You’re right, that I do love the Bible.
Well, but you love the good-time Bible. The one written for “urban” kids who get into the Bible to teach them stuff.
I’m sending you a Bible every month now; surely you’ve read one of them.
I’m one of those guys who starts at the end of the book and reads backwards. So I know how everything ends, and I’m excited to get to the beginning and see how it started. I’ve got your combo New Testament–Old Testament one, so I am at Revelations right now.
Oh, so you know that it ends with Donald Trump riding the whore of Babylon into Jerusalem.
[Sighs.] No, I didn’t. Maybe I got a different Bible?
Spoiler alert.
Thanks for nothing. Why didn’t you lead off with that?
Let me put it to you this way: It’s going to be a really interesting November.
This happens really quickly. He doesn’t even serve.

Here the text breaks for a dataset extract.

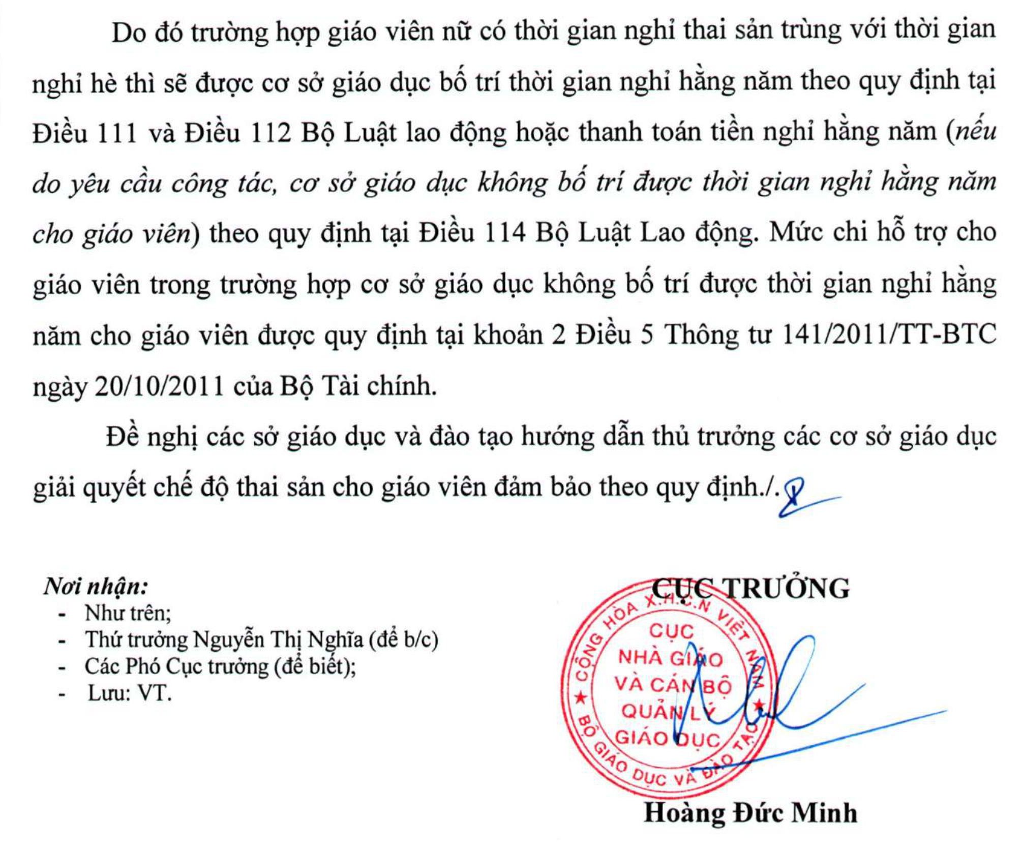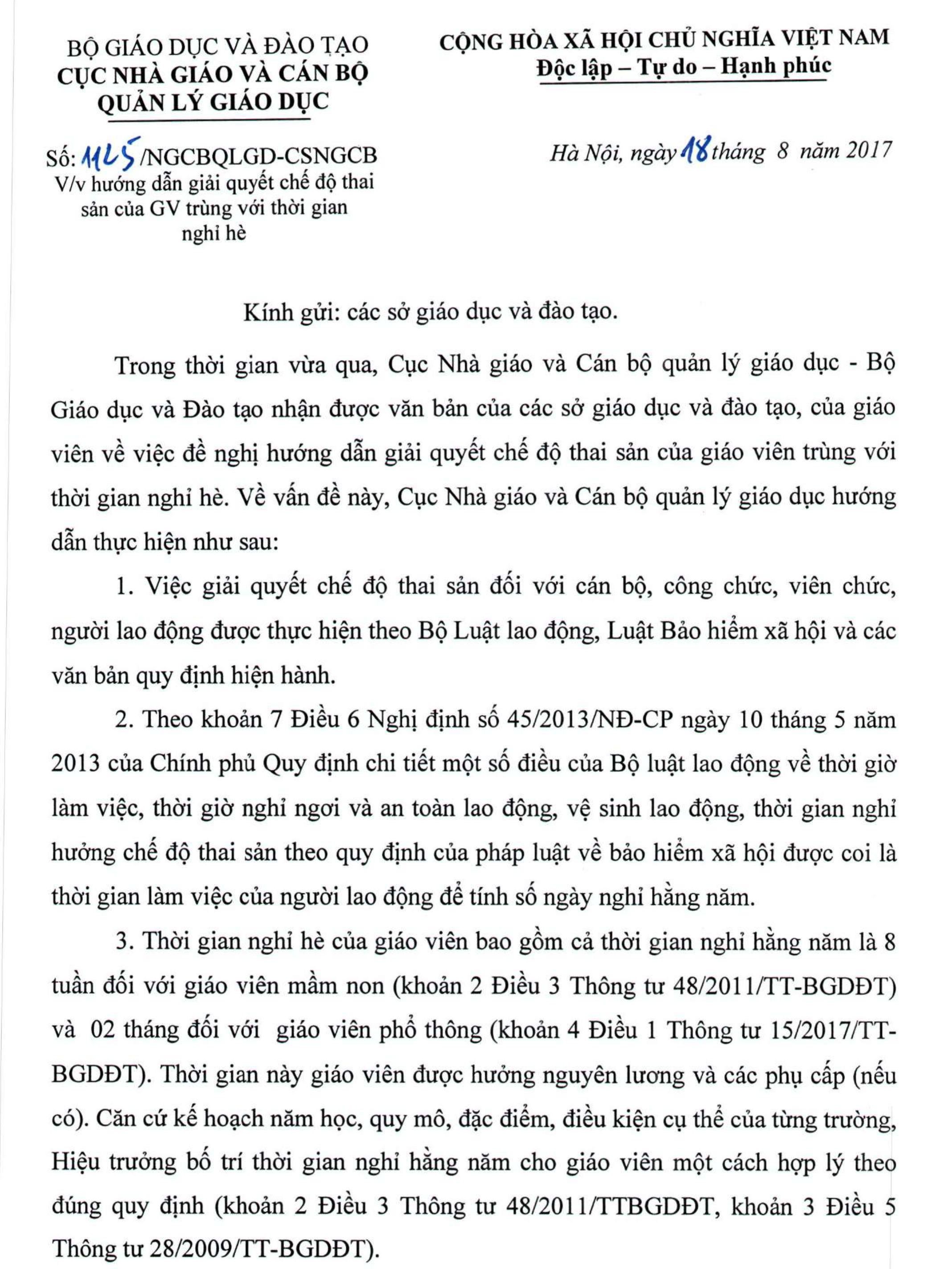 Tìm hiểu thêm »Cục Nhà giáo và Cán bộ quản lý giáo dục đã ban hành Công văn 1125/NGCBQLGD-CSNGCB ngày 18/08/2017 về việc hướng dẫn giải quyết chế độ thai sản của giáo viên trùng với thời gian nghỉ hè. Theo đó, trường hợp viên chức giáo viên nữ có thời gian nghỉ thai sản trùng với thời gian nghỉ hè (tháng 6 và tháng 7) thì sẽ được cơ sở giáo dục bố trí tiếp thời gian nghỉ hè theo quy định tại điểm a, khoản 3, điều 5 quy định chế độ làm việc đối với giáo viên phổ thông hoặc thanh toán tiền nghỉ phép hàng năm (nếu không bố trí được thời gian nghỉ hè cho giáo viên). Mời các bạn cùng tham khảo nội dung chi tiết tại đây.

November 9th. It’s in Revelations.
I wonder if Trump even realizes that you don’t start serving until January. He’ll win the election and he’ll show up at the White House with his family. And there’s going to be all kinds of trouble, “They won’t let me in. They won’t let me in! That’s how corrupt these people are. They’re locking me out! They want to lock out our ideas!”
[Laughs.] Of course, you just cracked how to make a Donald Trump joke for me, David Cross. You just focus on his delusion is about how it works?
Start from the premise that he truly doesn’t understand how things work.
That makes me happy up here in Maine. You know what I’m going to do? I’m going to have some kind of drink and then have some kind of accident in my barn so I can go back and see my girlfriend again.
Just make sure you’ve got a flask with you. Get that ready before you head to the barn.
This interview has been edited and condensed.